Seminars

Statistical inference after Selection with applications to Microarray Data analysis- What can we do to be statistically valid and efficient?

121
reads

Gene Hwang

2012-11-02
12:30:00 - 14:30:00

103 , Mathematics Research Center Building (ori. New Math. Bldg.)

Modern statistical applications often involve many parameters and the scientific interest often lies in estimating or making inference regarding the parameters that were selected by data. For example ,in microarray data analysis, statistical inference for the parameters corresponding to the most significant genes is of great interest. This type of statistical inference is called post selection statistical inference. We shall assume that no further data are collected which happens often. Hence the same data used for selection is now used for statistical inference. This problem is becoming increasingly important in recent years. Naive statistical inference ignoring the selection causes severe bias especially in the large p small n (i.e. large population size and small sample size) scenario.

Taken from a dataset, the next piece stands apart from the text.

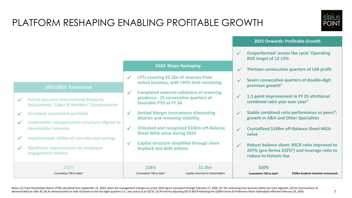 6 STRONG 2025 EARNINGS & PROFITABLE PREMIUM GROWTH Notes: [1] Reflects Core segment. [2] Operating Diluted Earnings Per Share is a non-GAAP measure. See Appendix 2 on slide 30 for a reconciliation. [3] Operating Return on Equity represents a non-GAAP measure. See Appendix 3 on slide 31 for a reconciliation to Return on Equity. [4] SiriusPoint Group Bermuda Solvency Capital Ratio calculated as available economic capital and surplus divided by the enhanced capital requirement. Q4'25 figure is an estimate. [5] Pro-forma Q4'25 BSCR estimate after $200m Series B Preference Share redemption effective February 26, 2026. BVPS (ex. AOCI) $18.10 Operating Return on Equity3 16.2% BSCR Ratio4 247% 232% (ex. Pref)5 Gross Written Premium1 Core Combined Ratio FY 25 Q4 FY 25 Q4 Operating Earnings Per Share2 FY 25 Q4 FY 25 Core COR of 91.7%, with disciplined GWP growth of 16% Q4 Core COR of 92.9%, marking thirteen consecutive quarters of UW profit Book Value Per Diluted Share growth of +$4.01/+28% in 2025 (+$1.70/+10% in Q4) Premium growth of 18% in Q4, driven by Insurance & Services Announcing our intent to repurchase $100m of common shares over the next 12 months FY 25 FY 25 Operating Return on Equity3 of 16.2%, up 1.6 ppts - 3rd consecutive yr. of improvement Completed sales of Armada (Q4'25) and Arcadian (Q1'26) with $390m proceeds received +18% 92.9% $0.70 +16% 91.7% $2.55 Net income of $444m in FY 25, up 141% from $184m in FY 24

Bonferroni type procedures are valid for post selection inference, but are very conservative. We shall demonstrate how Empirical Bayes Bayes procedures including estimators and confidence intervals are superior to the Naive and the Bonferroni's procedure. The Empirical Bayes (Lindley-James- Stein) estimator has virtually no selection bias. The empirical Bayes interval centered at the empirical Bayes estimator is short and is valid for post selection inference in the sense that its coverage probabilities with respect to a class of priors are numerically shown to be above a nominal level. We shall report applications of the proposed intervals to Microarray data and it time allows, we shall report results relating to false coverage rate (FCR), which parallels false discovery rate (FDR) for hypothesis testing.